重组野生型和突变体SARS-COV-2基于世界新兴病毒和arboviruses(WRCEVA)提供的USA-WA1/2020分离株序列,该中心最初是从美国疾病控制和预防中心(CDC)获得的,如前所述。野生型和突变体SARS-COV-2 ,以及重组小鼠适应的重组SARS-COV16,29,滴定并在表达TMPRSS2(SEKISUI Xenotech)的VERO E6细胞或Vero E6细胞上,在DMEM中生长为5%Fetal Bovine bib Cobine andotic co) 。Calu-3 2B4细胞在DMEM中生长 ,其定义为10%的胎牛血清,1%丙酮酸钠(Gibco)和1%抗生素 - 抗杀菌(Gibco)。标准斑块测定法用于SARS-COV和SARS-COV-229,30。所有涉及传染病毒的实验均在德克萨斯大学医学分公司(UTMB),埃默里大学或华盛顿大学批准的生物安全水平(BSL)3实验室进行了常规医疗监控 。
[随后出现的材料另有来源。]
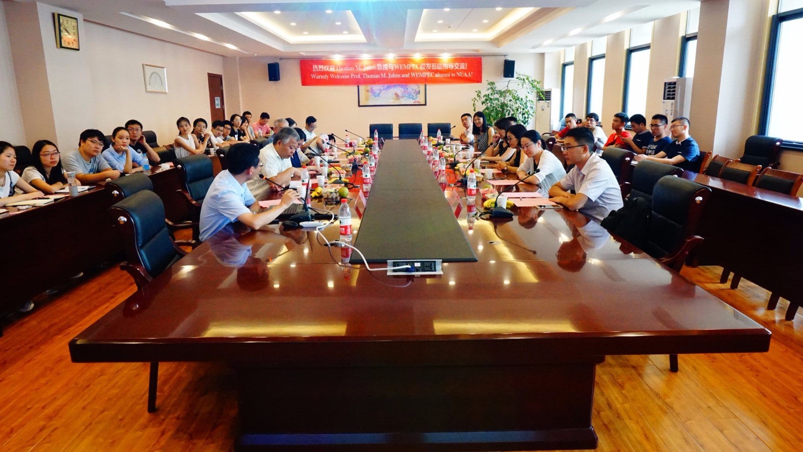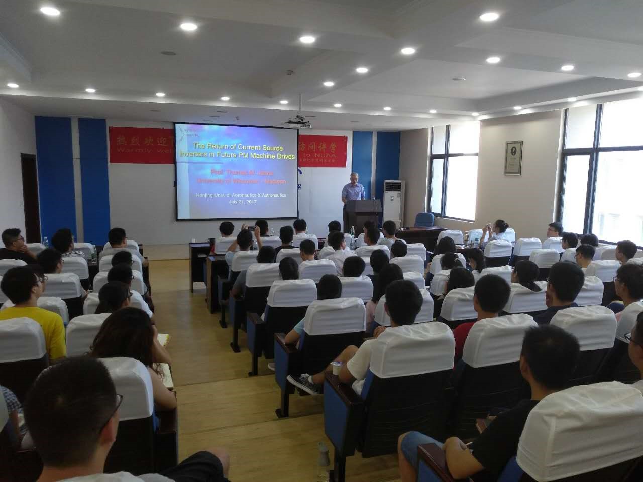 Thomas M. Jahns教授访问南航期间,来自清华大学、浙江大学、东南大学等国内13个高校的近20位WEMPEC校友齐聚南航,研讨电机与电力电子学科前沿问题。会上,张卓然教授系统介绍了南航多电飞机电气系统工信部重点实验室的研究方向和研究成果。清华大学高大威老师、北方工业大学张晓光老师及南航郝振洋老师分别就新能源电动汽车、电机新型控制算法及多电/全电飞机的关键技术做了精彩学术报告。

如前所述15,野生型和突变病毒均来自SARS-COV-2 USA-WA1/2020传染性克隆。对于ΔPrra构建 ,通过将重叠PCR与引物Δprra-f(5'-GactaAttcgtcgtagtgtgtgtagtagtagtagtcaatccatc-3'')和Δprra-R(5ʹ-gactagctacctacctaccatacgagagaagaagaagtctctc-gaggagtc-3''一起引入突变。通过限制酶消化和Sanger测序验证了所得的质粒。此后,通过限制酶扩增含有野生型和突变体SARS-COV-2基因组片段的质粒 。根据先前所述的程序15,将SARS-COV-2基因组片段纯化并在体外结扎以组装全长cDNA。然后进行体外转录反应以合成全长基因组RNA。为了恢复病毒 ,将RNA转录物电穿孔到VERO E6细胞中 。感染后40小时收集的电穿孔细胞的培养基作为种子库存,以进行随后的实验。使用前通过序列分析确认病毒突变体。Δprrasars-cov-2的合成结构得到了UTMB机构生物安全委员会的批准 。
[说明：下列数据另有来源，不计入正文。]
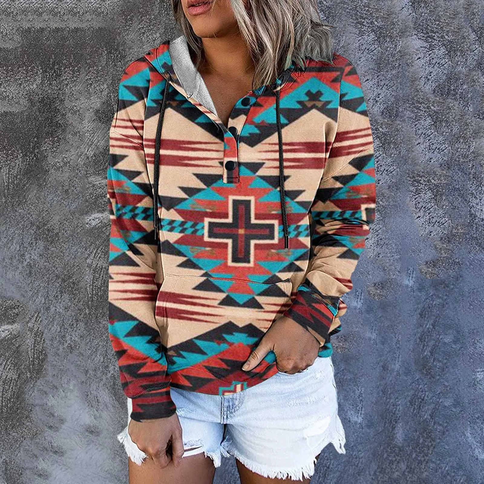 Ethnic Style Hoodies Women Casual Sweatshirts Aztec Print Autumn Ladies Down Down Pullover Long Sleeve Loose Top Female Sudadera

如前所述15,31,在Vero E6和Calu-3 2B4细胞中进行病毒感染。简而言之 ,用PBS洗涤细胞,并在37°C下以0.01的MOI为0.01,用SARS-COV或SARS-COV-2接种。接种后 ,洗涤细胞并添加新鲜培养基以表示时间0 。在每个描述的时间收集了三个或更多的生物学重复。在任何样品收集中均未使用盲目性,样品也随机分配。Mac 2011的Microsoft Excel用于分析数据 。
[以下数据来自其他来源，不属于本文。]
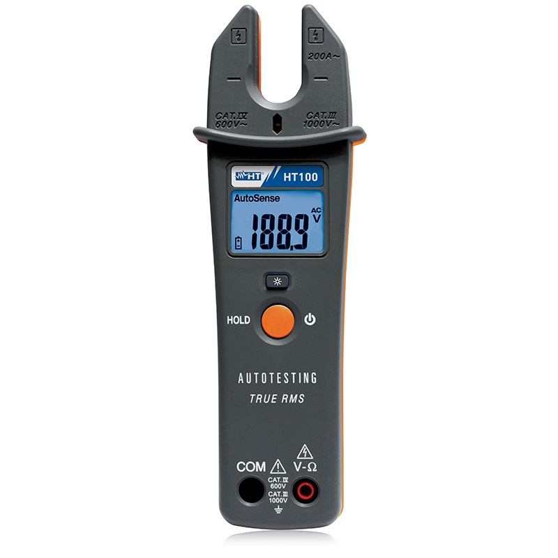 Profesionalni merilnik s kleščami HT100 je opremljen s samodejnim prepoznavanjem funkcij ali merjenjem izmeničnega toka do 200 A in izmenične/ enosmerne napetosti do 1000 V v TRMS za doseganje CAT IV 600 V in CAT III 1000 V.

Vero E6或Calu-3 2B4细胞以0.01的MOI感染了野生型或Δprra突变病毒。感染后24或48小时,收集培养基并通过低速离心阐明。随后 ,使用Beckman SW28转子,通过20%的蔗糖垫子在26,000 rpm的20%蔗糖垫中通过超离心垫使上清液中的病毒颗粒颗粒。使用2×Laemmli样品缓冲液(CAT 。161-073,Biorad)从颗粒中制备蛋白质裂解物。通过先前描述的16,32,33,34,通过SDS -PAGE ,然后进行蛋白质印迹分析确定相对病毒蛋白水平。简而言之,通过在Laemmeli Buffer中煮沸,使蔗糖纯化的SARS-COV ,SARS-COV-2和ΔPRRASARS-COV-2失活 。将样品等同量加入4–20%迷你螺旋体TGX凝胶(BioradNo。4561093),并通过SDS-PAGE充电。将蛋白质转移到二氟乙烯(PVDF)膜中 。用SARS-COV S特异性抗体(Novus BiologicalsNo。NB100-56578)覆盖膜,然后用辣根过氧化物酶(HRP)偶联的抗兔抗体(细胞信号技术7074S)探测。用SARS-COV N特异性抗体(由S. Makino提供)和HRP偶联的抗Rabbit二级IgG剥去印迹并重新探测印迹 。在这两种情况下 ,都通过在Chemidoc MP系统(Bio-RadNo。12003154)上处理清晰的西ECL底物(Bio-RadNo。1705060)成像来开发信号 。使用Imagelab 6.0.1(Bio-RadNo。2012931)进行光密度法。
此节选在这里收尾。